What is it that people like so much about motorcycles? The thrill/excitement/freedom of riding them, the 'biker image' portrayed in movies, or great songs such as Little Honda by the Hondells? I'm not a biker per say, but I do have a couple of motorcycles, and am a known associate of some bikers. Therefore when I saw a graph of some biker data, it caught my attention and I had to try my hand at improving it.
But first, here's a picture of one of my biker buddies here at SAS, Mark - he's got several bikes, and especially likes to ride on race tracks. The graphs below have a '>=50' age category, and you probably would have never guessed that Mark has been in that category for many years! :)
And now, let's proceed with the data analysis!
I recently saw a very interesting graph on dadaviz.com showing motorcycle deaths by age category. The feature about the graph that jumps out at you is that the percent of deaths for the <=29 age group seems to have gone down significantly since 1975. So, of course, I found the data, and created my own version of the graph using SAS:
The data also had the total number of deaths per age category, so I plotted that too. And from this plot, it looks like the number of deaths has generally been on the increase since year 2000.

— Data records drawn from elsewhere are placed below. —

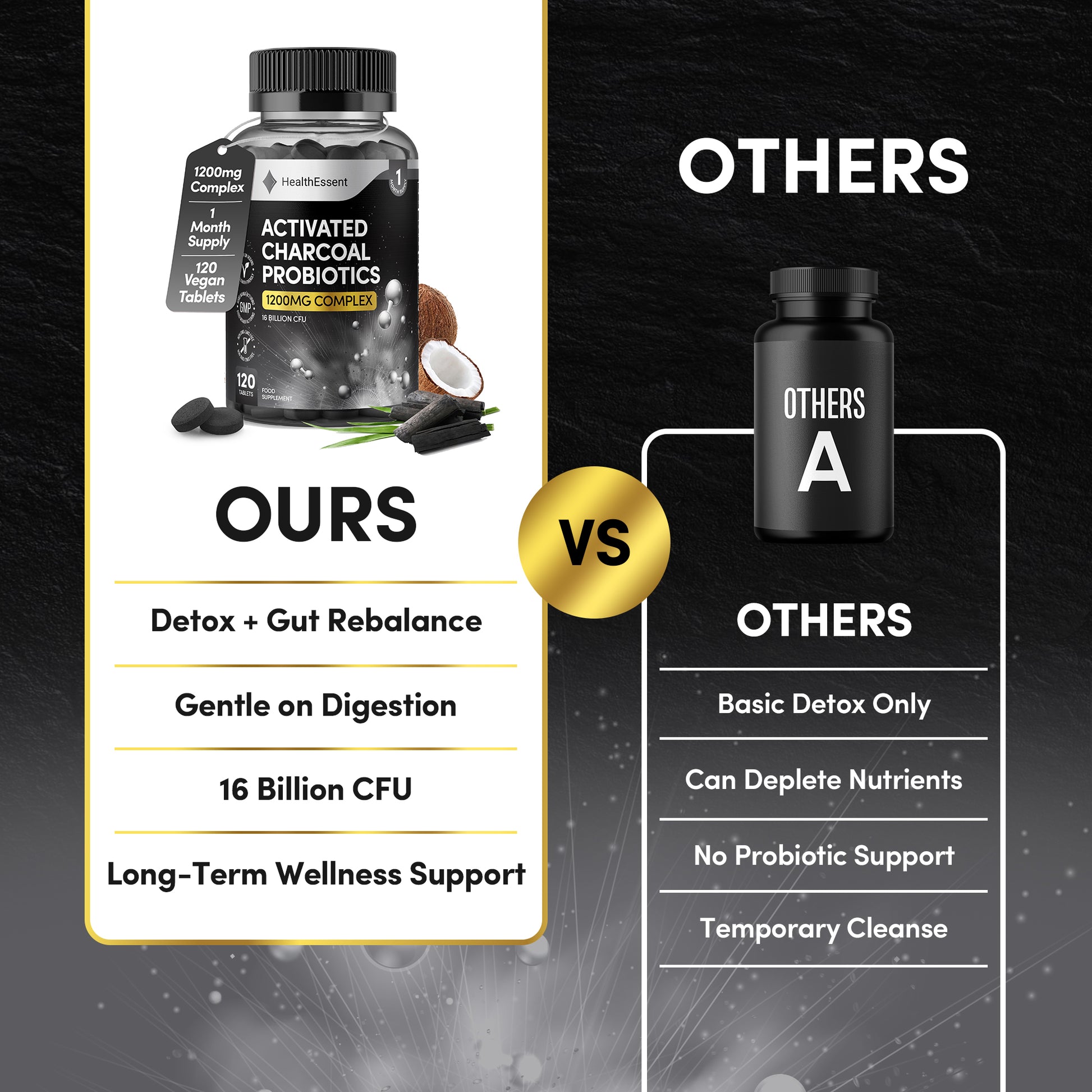A full daily serving delivers 1200mg charcoal and 16 billion CFU, providing a robust combination for those seeking a high-potency option.
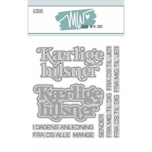 Kærlige hilsner fra Made With Love indeholder 10 dies: 1 kærlige hilsner tekst med skygge og 8 løse tekster. De løse tekster inkluderer: "I dagens anledning", "Fra os alle, "mange", "sender", "Fra mig til dig", "fra os til dig", "fra mig til jer" og "fra os til jer". Kærlige hilsner måler ca. 6,1x3,1 cm - skyggen ca. 6,4x3,4cm.
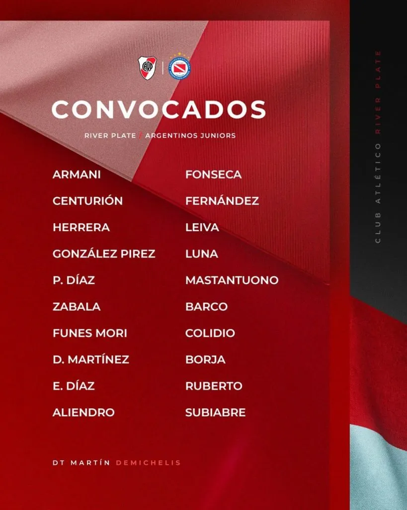 La lista de convocados de River
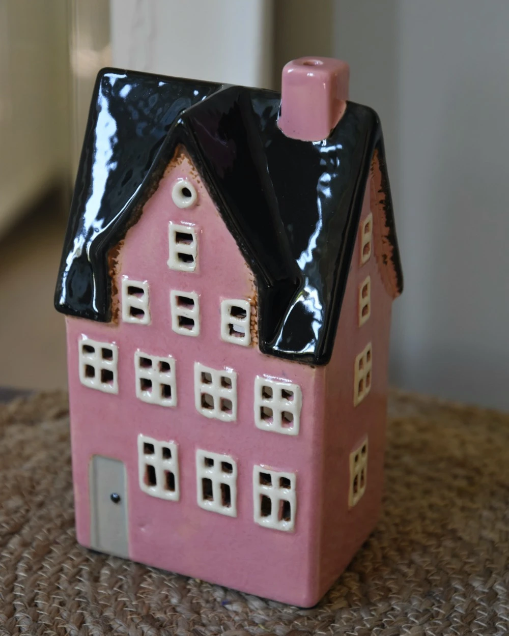 Theelicht pakhuis Nyhavn roze met zwart dak, IB Laursen. Dit elegante theelicht pakhuis Nyhavn is roze met een mooi gevormd zwart dak met schoorsteen. Ook de vele ramen zijn open en gebroken wit van kleur, de deur is grijs en aan de achterzijde zit een gat waar u gemakkelijk een waxinelichtje in kunt plaatsen. Het pakhuis is van keramiek gemaakt en met de hand afgewerkt waardoor dit leuke iets speelse model is ontstaan welke geïnspireerd is op de pakhuizen in de Deense haven Nyhavn (waar ook het merk Deens is, IB Laursen). U kunt de pakhuisjes leuk combineren naar wens om zo een gezellig geheel te creëren.
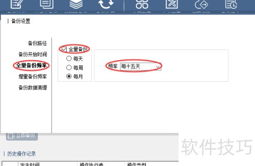 12、 在左侧选择全量备份频率,右侧勾选全量备份选项并设定具体频率。
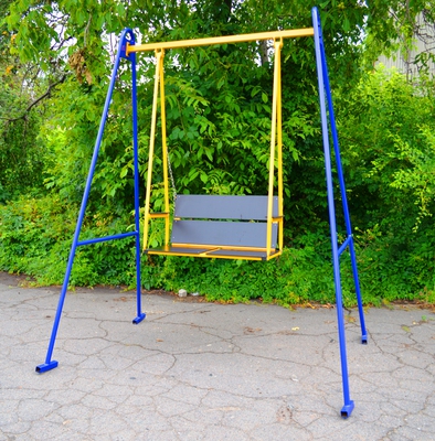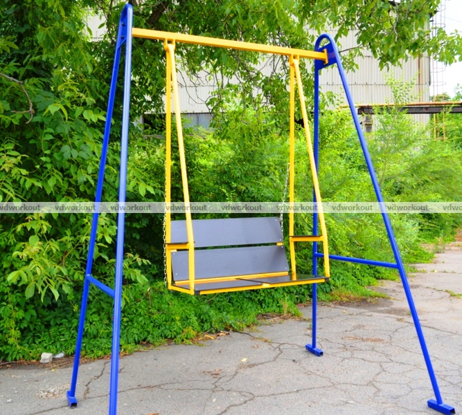 Красивая, яркая, удобная качель-скамейка, плавно покачивающаяся — отличное место для летнего отдыха на открытом воздухе
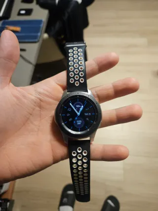 Orologio Samsung Galaxy Watch con cassa da 46mm. - Quadrante rotondo. - Cinturino con fori. - Lunetta girevole. - base di ricarica

But both of the above plots have a serious weakness - they don't take into consideration the number of riders (or bikes) in each age category. And that particular data (by age category) seems a bit harder to come by, so I decided to work with the data that is easily available, and see if I could shed some more light on these numbers.
First I added up the deaths from all age groups, and plotted the total deaths per year:
I then found a data source for the total number of motorcycles registered per year, and plotted that. Notice that the number of motorcycles has been climbing since year 2000:
And finally, I used Proc Sql to combine the data from the previous two charts, and calculated the number of deaths per 100,000 registered motorcycles.
proc sql noprint; create table combined as select unique deaths_by_age.year, deaths_by_age.total as total_deaths, registration_data.total as total_registrations from deaths_by_age left join registration_data on deaths_by_age.year=registration_data.year; quit; run; data combined; set combined; deaths_per_100k_bikes = total_deaths / (total_registrations/100000); run;
And this number has been generally going down over time, which is good news, and is a better/more-true representation of what's actually happening, IMHO.
Hopefully you enjoyed this little demonstration of the power of combining data!